The Top 30 Art Movements In Western History: Characteristics And Styles

From ancient to modern art, western art history has a long and varied background. Take a look at some of the defining art movements of the past 3000 years.

Jun 28, 2020By Charlotte Davis, BA Art History
egon schiele myron donald judd
Self-Portrait with Chinese Lantern by Egon Schiele, Discobolus by Myron, and Untitled by Donald Judd


Western art history has undergone a plethora of changes, resulting in an extremely diverse range of techniques, styles, and mediums. Art has long reflected societal contexts and changes, becoming an important indicator of cultural and sociopolitical climates at their times.
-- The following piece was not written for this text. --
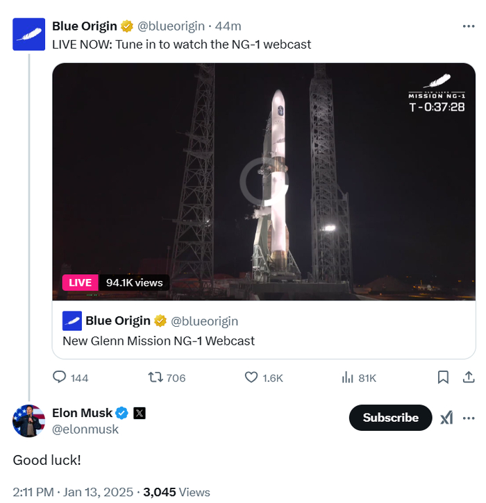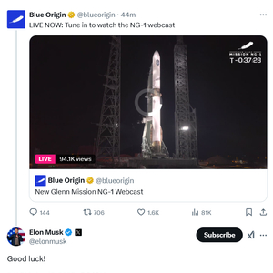 SpaceX竞争对手蓝色起源在社交媒体平台“X”直播“新格伦”重型运载火箭首飞,马斯克表示祝其好运。

Below is a comprehensive list of the 30 most prominent art movements in western art history, explanations of their contexts, and their most important artists. 


Ancient Art Movements


Classical Greek Art (510-323 BC)

myron discobolus sculpture
Discobolus by Myron, 5th century BC, Roman copy from the 2nd century CE


Classical Greek Art flourished during a period of heightened intellectualism, literature, philosophy, and architecture. It focused on naturalism and the idealism of the human body in painting, marble sculpture, and architectural ornamentation. It has been recognized as one of the most influential periods in western history, setting the stage for many facets of modern art. 


Notable Artists: Phidias, Myron, Praxiteles, Polykleitos


Early Modern Art Movements


Medieval Art (500-1400)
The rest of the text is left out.